Welu: According to research from the STRATMOR Group, lenders are quick to buy and install new technology, especially since the pandemic began, but they’re slower at fostering adoption and seeing a full ROI. During a time when retail lenders are spending double per loan on technology than they were five years ago, lenders should ensure that new tech delivers its return on investment. They should ensure new technology:

  • Integrates with existing platforms and processes
  • Can be deployed by an effective (internal and external) implementation team
  • Solves real pain points (uncovered in their employee – and LO – experience audits)

Without effective implementation teams, easy integrations into existing systems, and quick, easily identifiable improvements to employee experiences, technology spend can simply add another grievance to unhappy employees’ work lives. When asked to adopt a new system, employees should know how it will help them be more productive in their jobs.
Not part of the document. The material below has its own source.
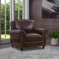 Meet where class tradition meets modern styling with beautiful top grain leather upholstery, rolled armrests and hand-curved hardwood legs. Antique brass nailhead detailing is featured throughout arms, rail sand frame adding the perfect final touch. The Hobson Chair by Abbyson is a must have for your living or entertainment space.
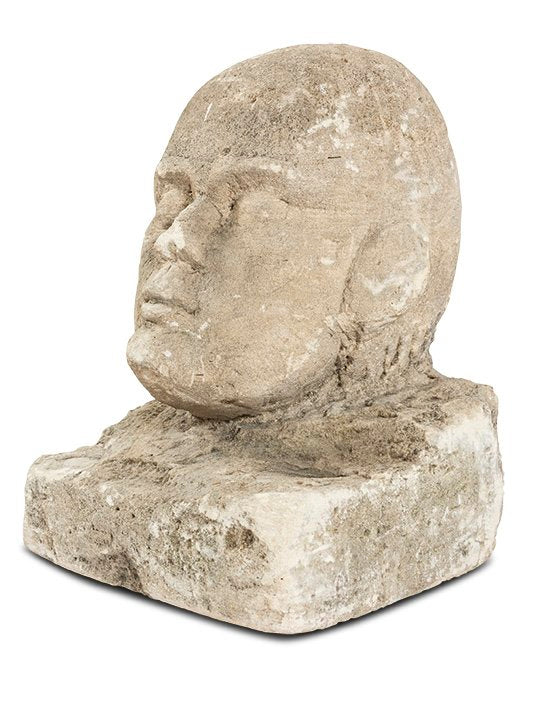 Hand-carved. Granite. Bust found in a garden in Ophain, Belgium. Carving has a great patina, but we don't know a date.

If they don’t, adoption rates will suffer, desired ROIs won’t be achieved, and employees will continue to manage the same problems they had before.

The challenge of implementation is the reason platforms like Total Expert are disruptive in the financial services industry. Normally, with generic CRM and customer engagement platforms, the build and implement phase can take years. Platforms built already for mortgage lenders, on the other hand, provide customers an accelerated timeline and ease in reaching ROI for LOs and for the overall company. Quick time to value drives early success for our customers, which results in snowballing returns with each passing year.